Question: Can I specify both the training and validation indices via any interfaces in the xgboost interface?

My primary motivation is performing time-series cross validation, and I do not want the 'non-validation' indices to be automatically assigned as the training data. An example to illustrate what I want to do:

# assume i have 100 strips of time-series data, where each strip is X_i
# validate only on 10 points after training
fold1:  train on X_1-X_10, validate on X_11-X_20
fold2:  train on X_1-X_20, validate on X_21-X_30
fold3:  train on X_1-X_30, validate on X_31-X_40
...

Currently, using the folds parameter would force me to use the remaining examples as the validation set, which greatly increases the variance of the error estimate since the remaining data greatly outnumber the training data and may have a very different distribution from the training data especially for the earlier folds.
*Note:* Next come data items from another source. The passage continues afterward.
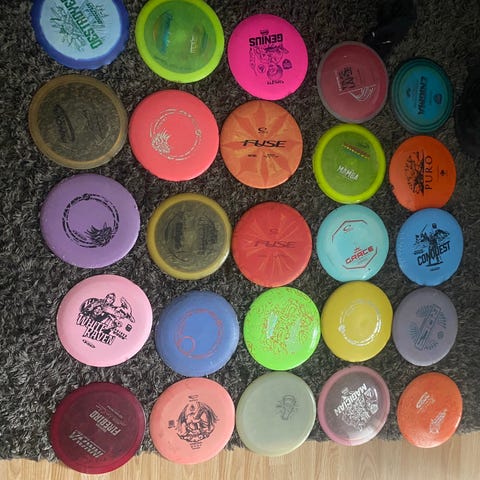 Innova Discgolf Frisbee Sett bestående av flere disker i ulike modeller og farger. Diskene inkluderer blant annet modeller som Leopard, Champion, Sidewinder, Destroyer og flere. Materialet er plast, og diskene er egnet for bruk i discgolf. Settet inneholder disker med forskjellige flygeegenskaper og design. Seller en av vær te 150kr
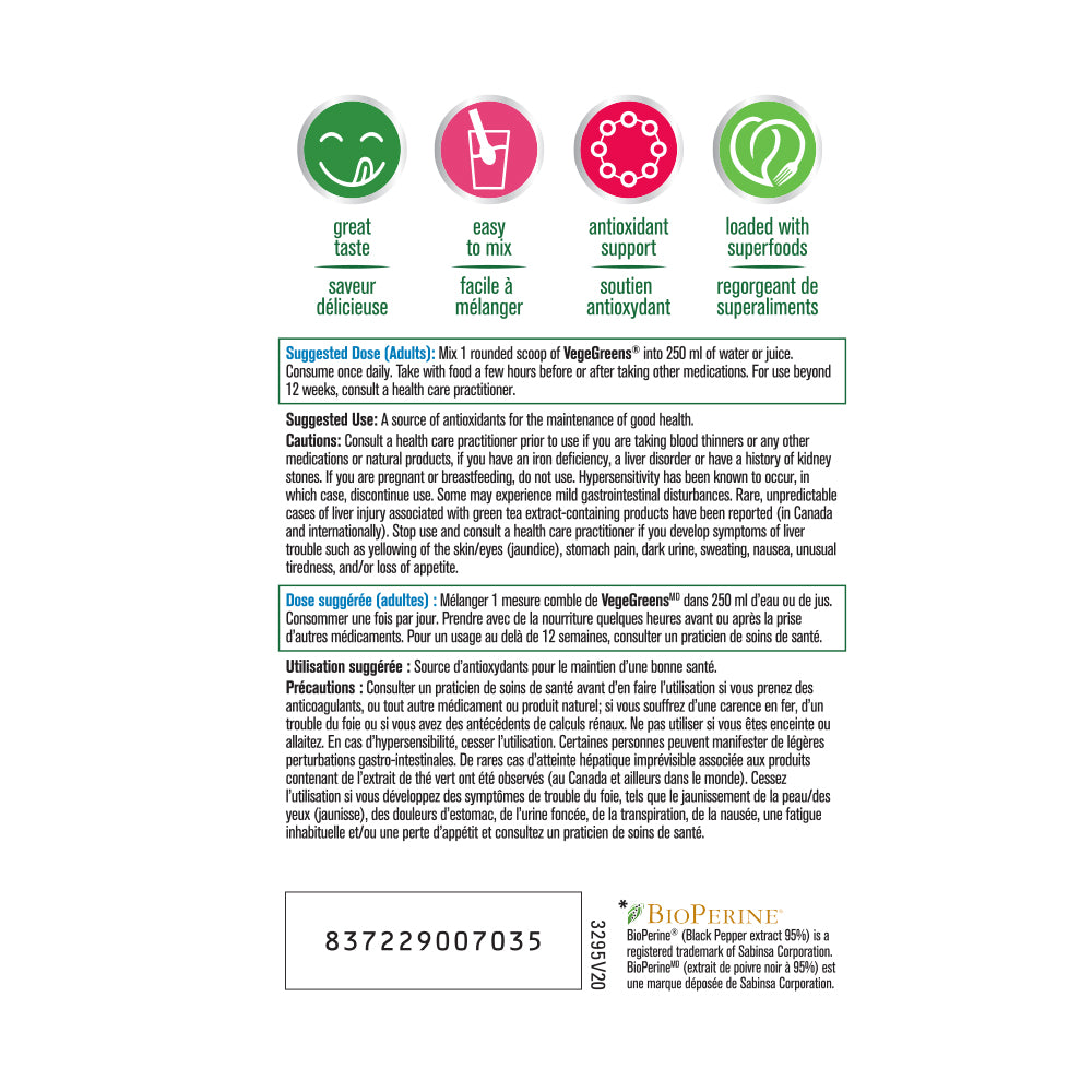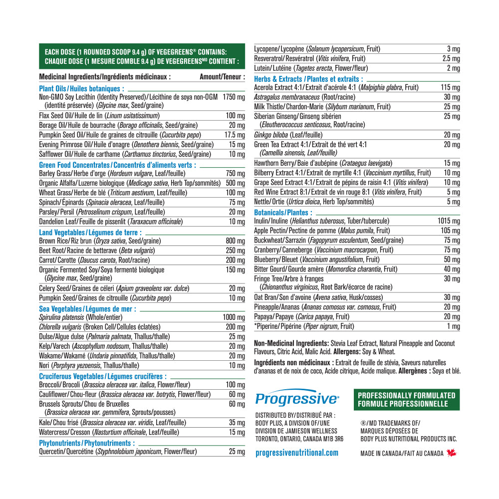 PROGRESSIVE - VegeGreens - 265 Gram(s) - NPN: 80034973 -- The Ultimate Super FoodVegeGreens is a comprehensive combination of over 60 land, sea and cruciferous vegetables, as well as super green foods, plant oils, phytonutrients, herbs & extracts and botanicals. With 8 distinctive blends of green foods and plant extracts, VegeGreens supplies an extraordinary spectrum of nutrients ranging from the rare trace minerals found in sea vegetables to the health-enhancing compounds exclusive to cruciferous vegetables. Each small scoop provides the nutrient equivalent of 6 to 8 servings of fresh vegetables
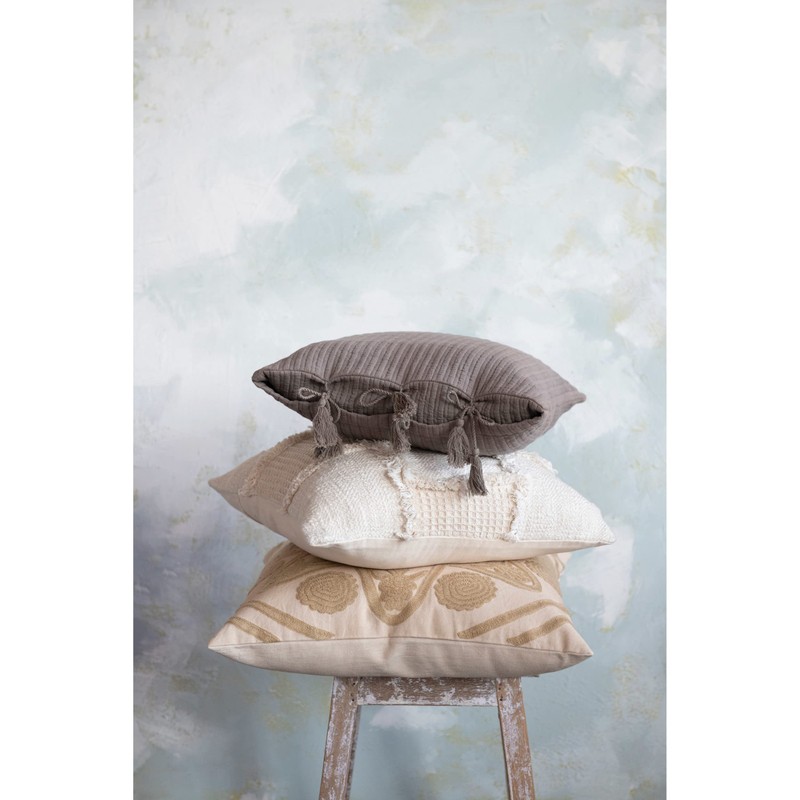 Creative Co-Op Woven Cotton and Wool Patchwork Frayed Edges Pillow, 18" L x 18" W x 2" H, Cream
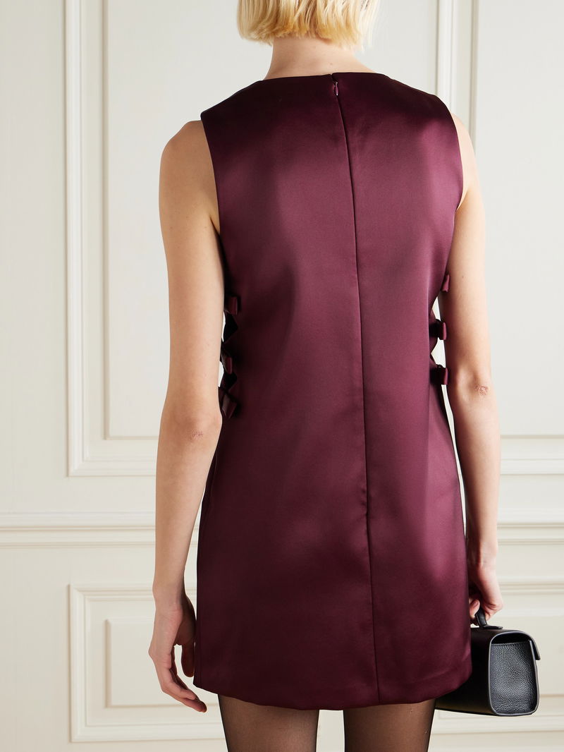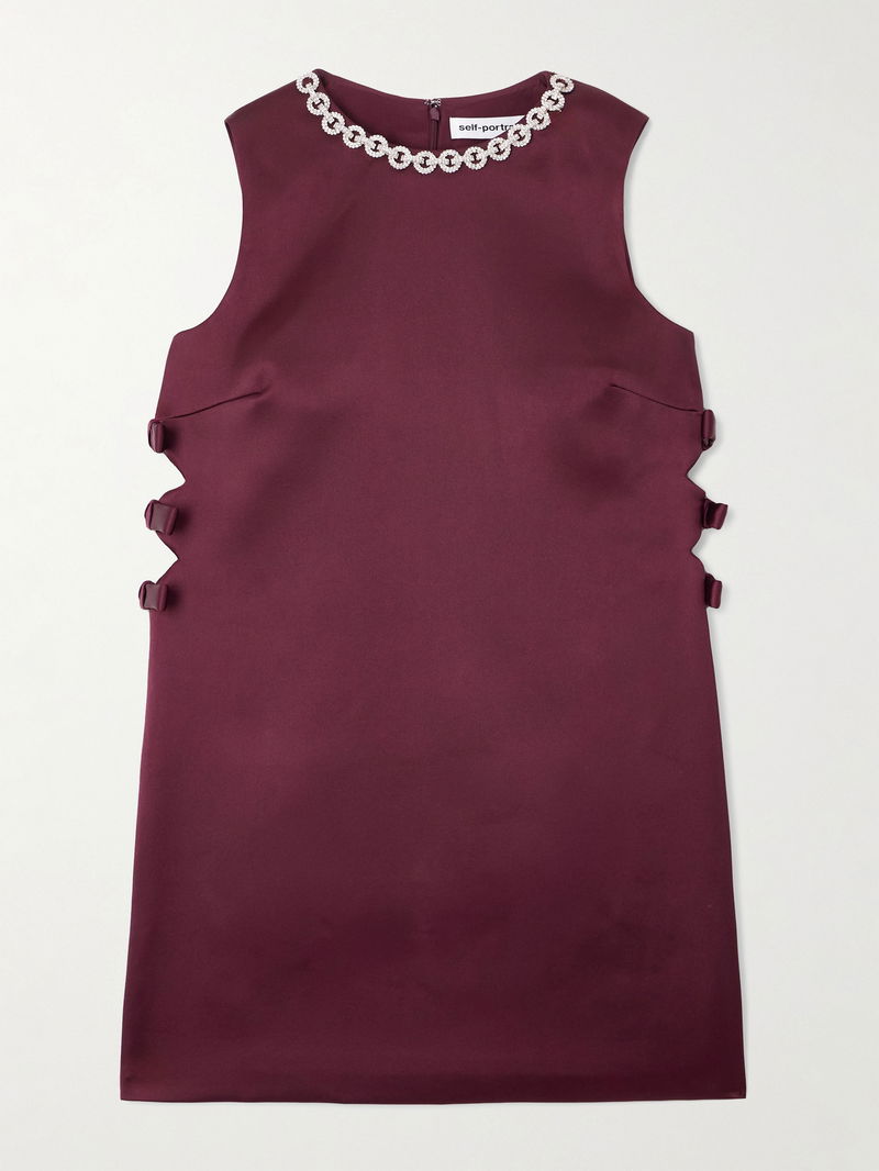 Self-Portrait’s meticulous attention to detail gives each piece its signature charm. This mini dress is cut from lustrous satin and outlined with crystal embellishments that illuminate the neckline. The shift silhouette features side cutouts finished with delicate bows for a playful yet polished touch.
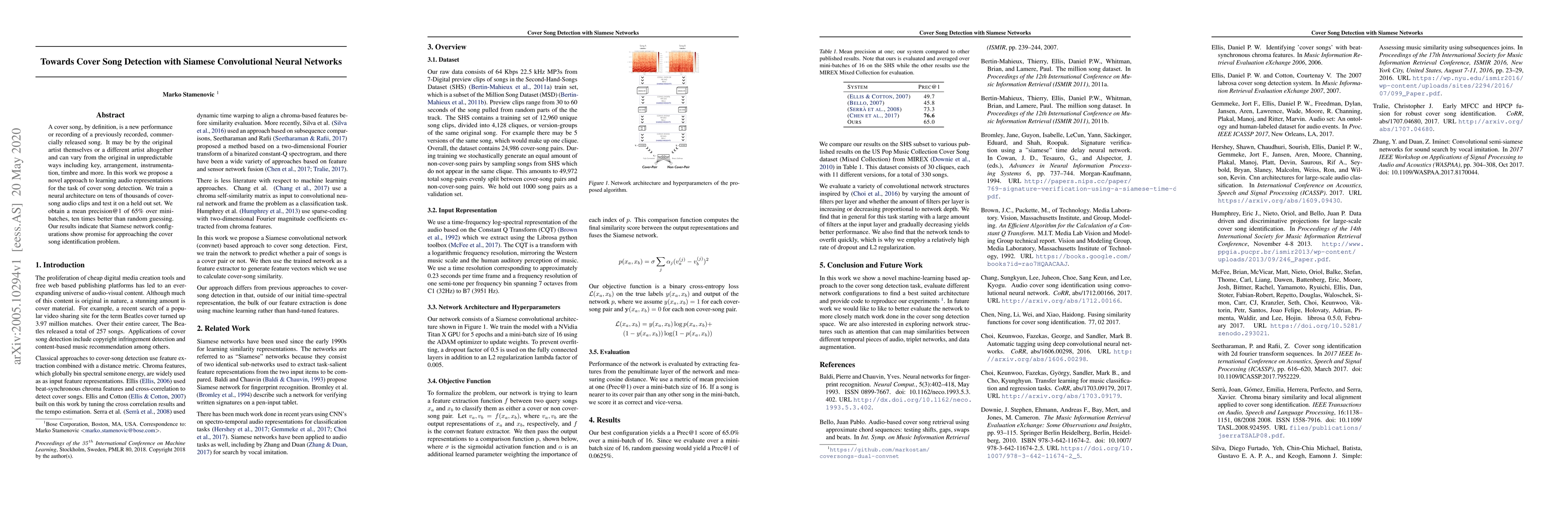 This paper proposes a Siamese convolutional neural network for detecting cover songs, achieving a mean precision@1 of 65% and demonstrating ten times better performance than random guessing. The study indicates that Siamese networks hold promise for identifying variations in cover songs.
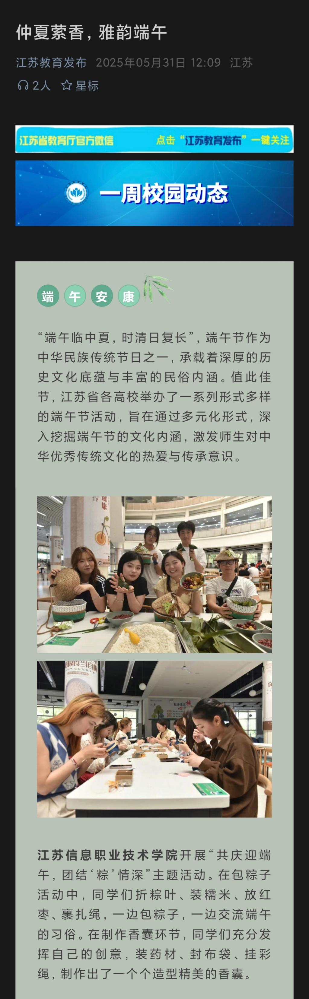 江苏教育发布:Beat365中文官方网站开展“共庆迎端午,团结‘粽’情深”主题活动

Here's what I mean:

fold1:  train on X_1-X_10, validate on X_11-X100 # huge error
...

I'm open to solutions from other packages if they are convenient (i.e. wouldn't require me to pry open source codes) and do not nullify the efficiencies in the original xgboost implementation.

JP_smasher
  • 981
  • 12
  • 15
  • Did you ever figure this out I have a similiar issue – B_Miner Mar 22 '16 at 23:11
  • @B_Miner nope, I had to implement it by invoking xgboost every time I trained a model for each validation segment. – JP_smasher Mar 24 '16 at 02:04
  • Maybe this link is helpful. https://stackoverflow.com/questions/38287223/how-to-use-custom-cross-validation-folds-with-xgboost – KST Oct 03 '17 at 10:40
  • the caret package can implement xgboost models and it has a createTimeSlices function which might help. See this [document](http://topepo.github.io/caret/data-splitting.html#data-splitting-for-time-series) for more info. – see24 Jul 23 '18 at 19:11

2 Answers2

3

I think the bottom part of the question is the wrong way round, should probably say:

force me to use the remaining examples as the training set

It also seems that the mentioned helper function xgb.cv.mknfold is not around anymore. Note my version of xgboost is 0.71.2.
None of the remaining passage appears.